Но однажды бежит Феклуха, соседка, и кричит на всю улицу:
— Пелагея, мужика встреть. Федяша-то приехал.
И дальше поспешила, только сарафан зарябил. Пелагея стала белее морской пены, ойкнула тихонечко, потом завыла. Сразу память отшибло: заметалась от окна к порогу, не зная за что ухватиться да за что приняться. Потом вывесилась из окна и вослед кричит:
— Феклуха, мертвые с погосту не возвращаются.
И только тут дошло, что не шутит Феклуха. Простоволосая Пелагея вывернулась из дверей, на берег спешит, а там народу, как морошки в урожайный год.
Федор отощал, рубаха придрана, ребра видать. Лодочку из воды тянет: оказывается сшил на Моржовце из тюленьих шкур посудину, ремнями кожаными сшил, и в Вазицу прибыл. С тех пор уже сорок лет минуло, шкуры все потрескались, ремни поиздрябли, но лодочка все на повети лежит. Памятна она Креню. Так и говорит иногда «по пьяной лавочке» жене: «Коли и мне помирать суждено, а сто лет не разменять, так ты меня в эту посудину уложи. На ней и в ад поплыву».

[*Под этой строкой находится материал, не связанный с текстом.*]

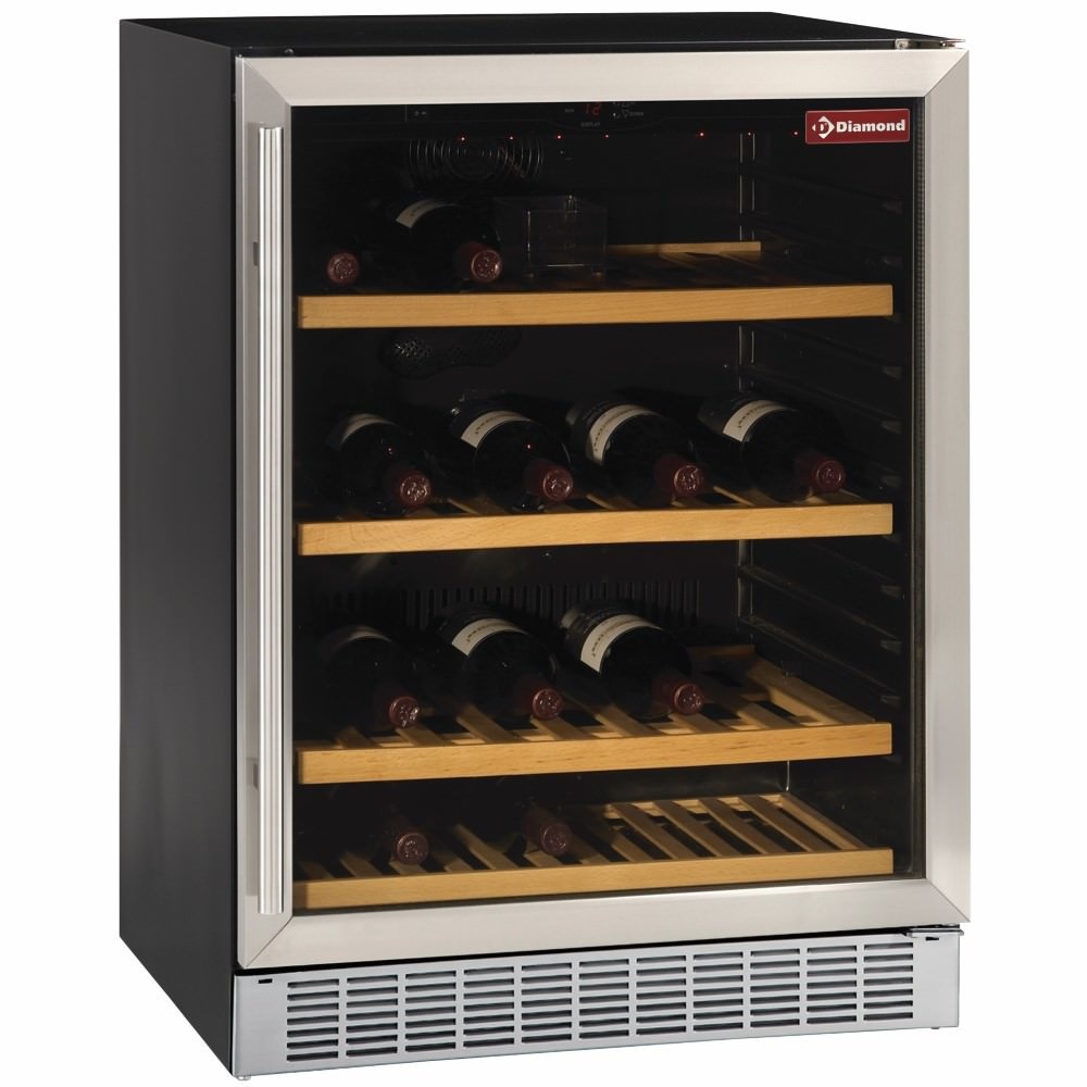 Chłodziarka na wino podblatowa, 1-drzwiowa, 160 L, 45 butelek, od 5 °C do 18 °C, drzwi uchylne, czarna

* * *Петенбург ушел от стола, так и не ополовинив стакашек, потому Крень у штофика с водкой сидел один, а какое тут питье одному — в рот не лезет. Но стопку все-таки проглотил — фу, какая гадость, — корочкой хлебной занюхал. Пелагея сидела пригорюнившись, морщинистые руки упрятав в домотканый подол. Хоть и в достатке жил Крень, но старуху на хорошие одежды не поваживал: «И так сойдет, ничто и нать, не графиня». Пелагея с мужем говорить не привыкла: как поженились, так все молчком, как две кикиморы. У нее заботы вились вокруг сына Мишеньки, которого хоть бы господь уберег, одинакий он. И потому часто бросала взгляд на часы, словно сын должен появиться с минуты на минуту, и глаза ее часто полнились слезами, мелкими и быстро просыхающими. Ведь в старости люди страдают часто и оттого как-то по-детски.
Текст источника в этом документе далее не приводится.